Extracted data entries:
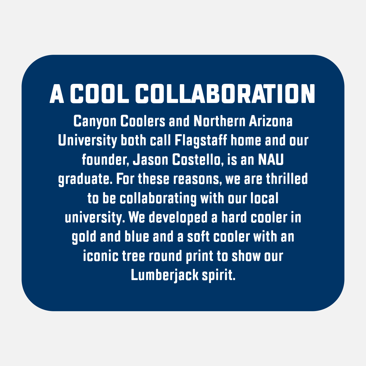 Northern Arizona University meets Canyon Coolers in this limited edition collaboration. The Coulee Backpack Cooler is the perfect size for a hike up to Humphrey's Peak, paddleboarding on the lake, or a sunny lunch picnic on campus. Support a local Flagstaff business and take a piece of your favorite mountain town with you on the go, while keeping The Good Stuff cold.
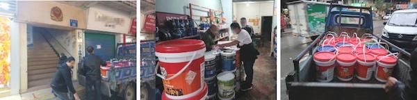 ??四川萬源市監(jiān)局查處1個門店,查扣山寨德高防水4桶。
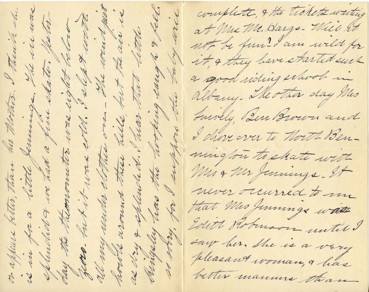 or appears better, than her Mother. I think she is fit for a little sewingage. The air was splendid & we had a fine skate. Yester- day the thermometer were eight below zero. But it was cold. I slept & ate & all my under clothes on - the wind just howled around this hill, but the air so as dry & splendid it. I hear that little Mirigley have the hockthing sang & fell. complete, & the tickets waiting at Mrs Mc Hargs. Will it not be fun? I am wild for it, & they have started such a good riding school in Albany. The other day Mrs Lively, Ben Brown and I drove over to North Ben- nington to skate with Mrs & Mr Jennings. It never occurred to me that Mrs Jennings was Edith Robinson until I saw her. She is a very pleasant woman, & has better manners than
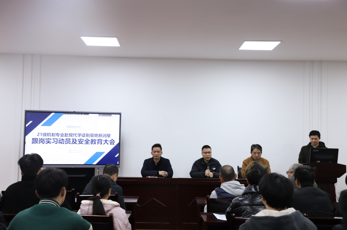 为进一步加强校企合作,推进现代学徒制试点工作。2023年2月23日,智能制造学院在奥训楼308会议室举行了21级机制专业跟岗实习动员大会。智能制造学院党总支书记、院长熊江,党总支副书记黄滔,副院长郎朗以及相关教师和学生出席了本次会议。会议由数控教研室主任成晓军主持。
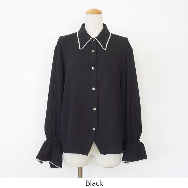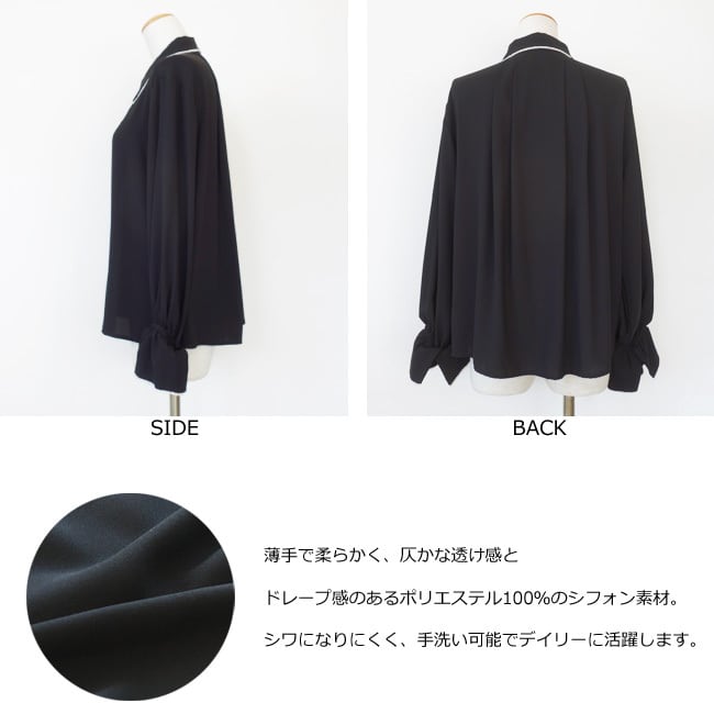 軽やかな落ち感のあるポリエステルシフォン素材を使用したブラウス。

▶ [WHAT IS EXPECTED]: All of the entries above are to be duplicated exactly, with every image left out.

▶ [ANSWER SPACE]:
 Northern Arizona University meets Canyon Coolers in this limited edition collaboration. The Coulee Backpack Cooler is the perfect size for a hike up to Humphrey's Peak, paddleboarding on the lake, or a sunny lunch picnic on campus. Support a local Flagstaff business and take a piece of your favorite mountain town with you on the go, while keeping The Good Stuff cold.
 ??四川萬源市監(jiān)局查處1個門店,查扣山寨德高防水4桶。
 or appears better, than her Mother. I think she is fit for a little sewingage. The air was splendid & we had a fine skate. Yester- day the thermometer were eight below zero. But it was cold. I slept & ate & all my under clothes on - the wind just howled around this hill, but the air so as dry & splendid it. I hear that little Mirigley have the hockthing sang & fell. complete, & the tickets waiting at Mrs Mc Hargs. Will it not be fun? I am wild for it, & they have started such a good riding school in Albany. The other day Mrs Lively, Ben Brown and I drove over to North Ben- nington to skate with Mrs & Mr Jennings. It never occurred to me that Mrs Jennings was Edith Robinson until I saw her. She is a very pleasant woman, & has better manners than
 为进一步加强校企合作,推进现代学徒制试点工作。2023年2月23日,智能制造学院在奥训楼308会议室举行了21级机制专业跟岗实习动员大会。智能制造学院党总支书记、院长熊江,党总支副书记黄滔,副院长郎朗以及相关教师和学生出席了本次会议。会议由数控教研室主任成晓军主持。
 軽やかな落ち感のあるポリエステルシフォン素材を使用したブラウス。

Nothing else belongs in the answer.